The next morning a huge group of us women folk left without breakfast. There’s a consensual revolt against breakfast. No more peanut butter! No more white, falling-apart bread! No more OATMEAL! You can’t blame the chef. There just isn’t access to food, and it’s way too much trouble to have to find both breakfasts and dinners within a strict time-limit set by super-fast riders. We found a breakfast nook, which wasn’t really a breakfast nook. It was a lodge run by a nice old fellow who had the world’s largest collection of trucker hats. We ate biscotti and tea, and he refused to let us pay. He had heard of us on the radio. We left some money behind anyhow, and carried on. When I got to lunch I joined up with Erin. She and I skipped lunch because there was a town not to far away afterwards, which likely would have nicer options. Unfortunately, the nearest thing we could find was just a gas station that had cheese sandwiches.
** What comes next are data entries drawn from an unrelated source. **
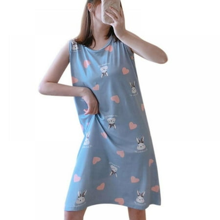 Women Sleevess Night Dress Milk Shreds Cartoon Home Clothers Sweat Vest Skirt Plus Size M-2XXL Blue
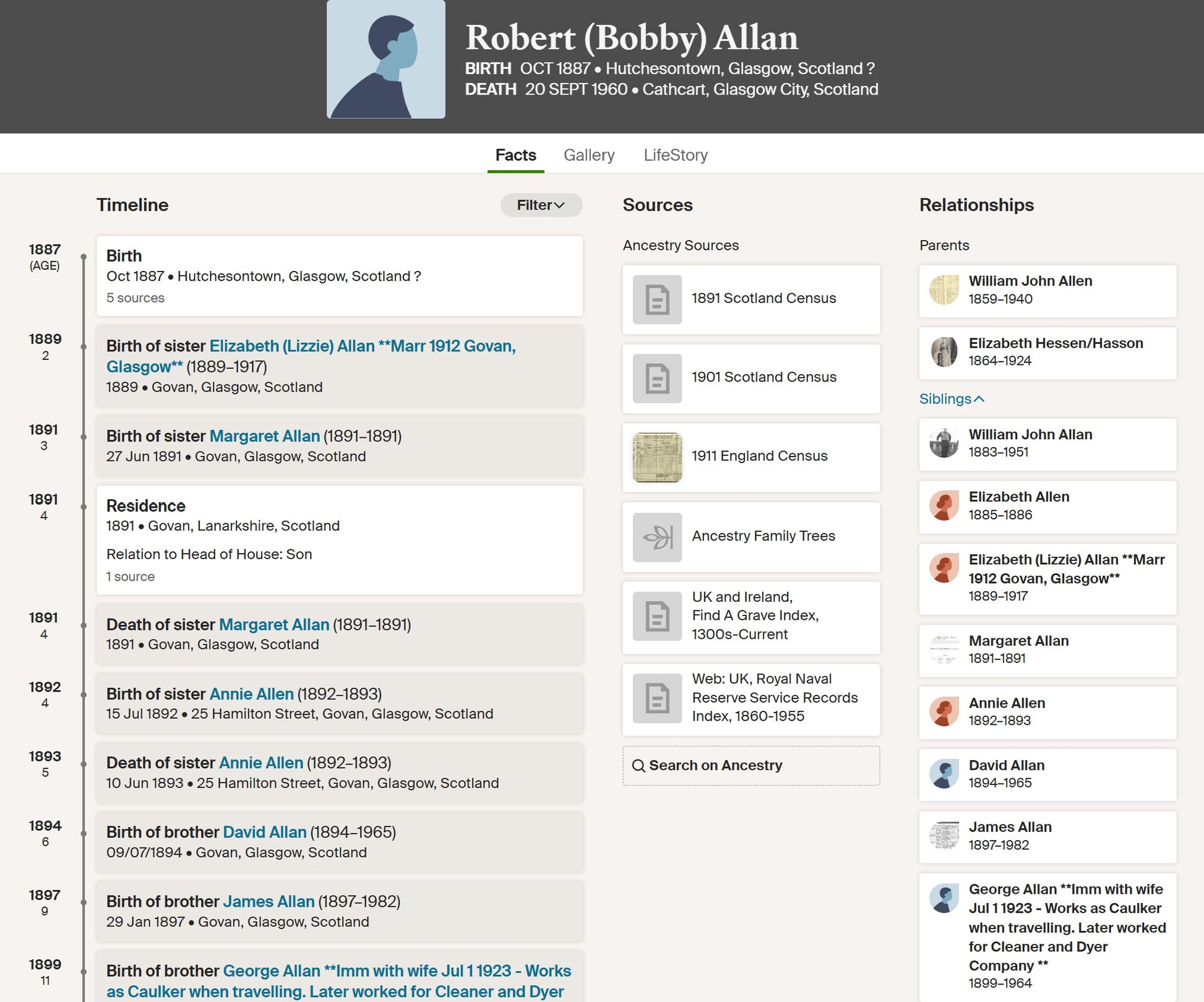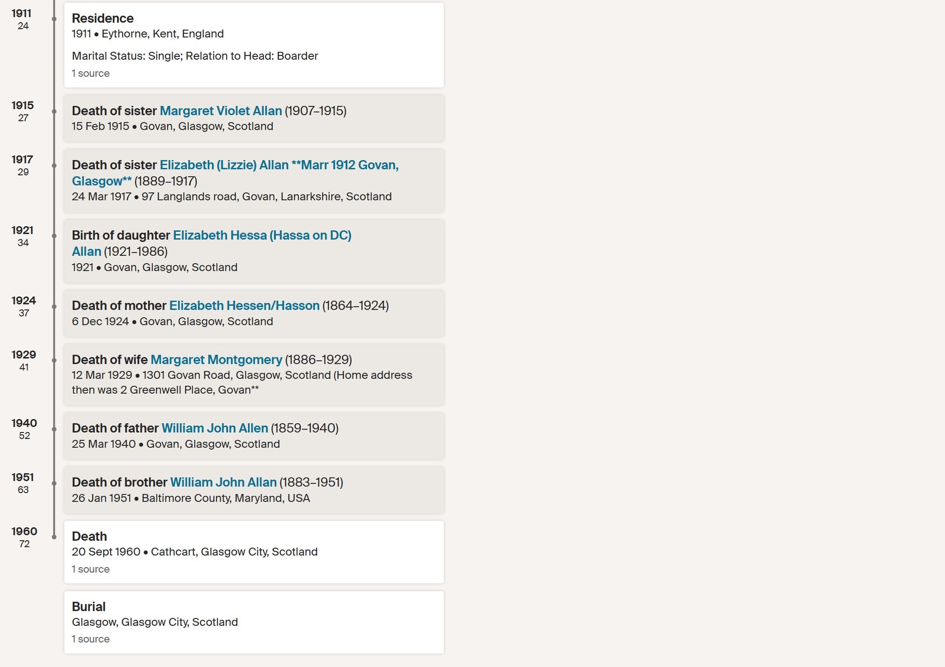 Robert Allan died on 20 September 1960 at Cathcart, Glasgow, aged 72.
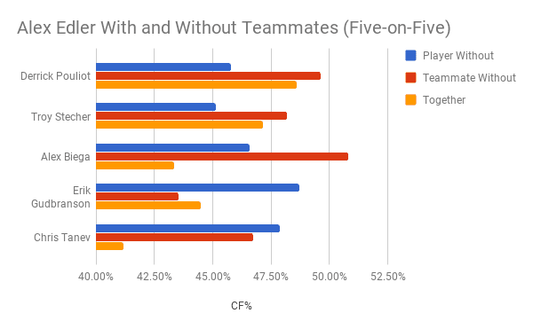 With the exception of Erik Gudbranson and oddly enough, Chris Tanev (who had a bizarrely inept season by shot metrics even considering his injuries) all of Edler’s partners performed better away from him than with him. One could speculate on a couple of different reasons this might have been the case. The first is that Edler undoubtedly saw the toughest deployment on the team both in terms of quality of competition and defensive zone faceoffs. I’m generally wary of this explanation because the effect of these factors is often overstated and the numbers we have available are sometimes unreliable, but Travis Green is a very tactical coach who favoured some extreme deployment strategies, so it deserves consideration.

I wound up having the same issue the next day, when Erin and I hooked up to have lunch at the town before lunch, and only found a gas station with chips. There were also the remnant bags of the other riders who had found the same gas station. Really, South Africa was becoming a quest for food. We were starting to be spoiled by the ability to find it anywhere and everywhere. There was the challenge of being able to come into camp and say “Hey, I found fried chicken and chocolate cake 10km back, and they served us free beer while fanning us and giving us foot massages.”
Arriving in Vanrhynsdorp, I was totally exhausted. Four months of wear and tear has lead to the end of the day being the end. Pure and simple. I tented that night, close to the truck, as always. I’ve always found it to be the nicest spot, because you get your own wake-up call in the morning, and you have less distance to schlep your stuff. We had dinner, and realized that we had blown it when we walked into the restaurant for post-dinner beers and saw clever riders having their roast-beef dinners cleared away and be replaced by fresh apple strudel with ice cream. They started quiz night. It was the one part of the war of the nations that everyone got into. Afterwards, Erin, Peter, Eric (the nice guy) and I sat up to chat about anything but bike riding or bike riders. It was a late night, but a good one. The next night we were scheduled to give presents to our secret friends. We had had a week to find/make something for them for under a dollar. My present was almost ready, but seeing as I couldn’t feel/use my right hand anymore, it was a little challenging. I sat up late that night finishing it.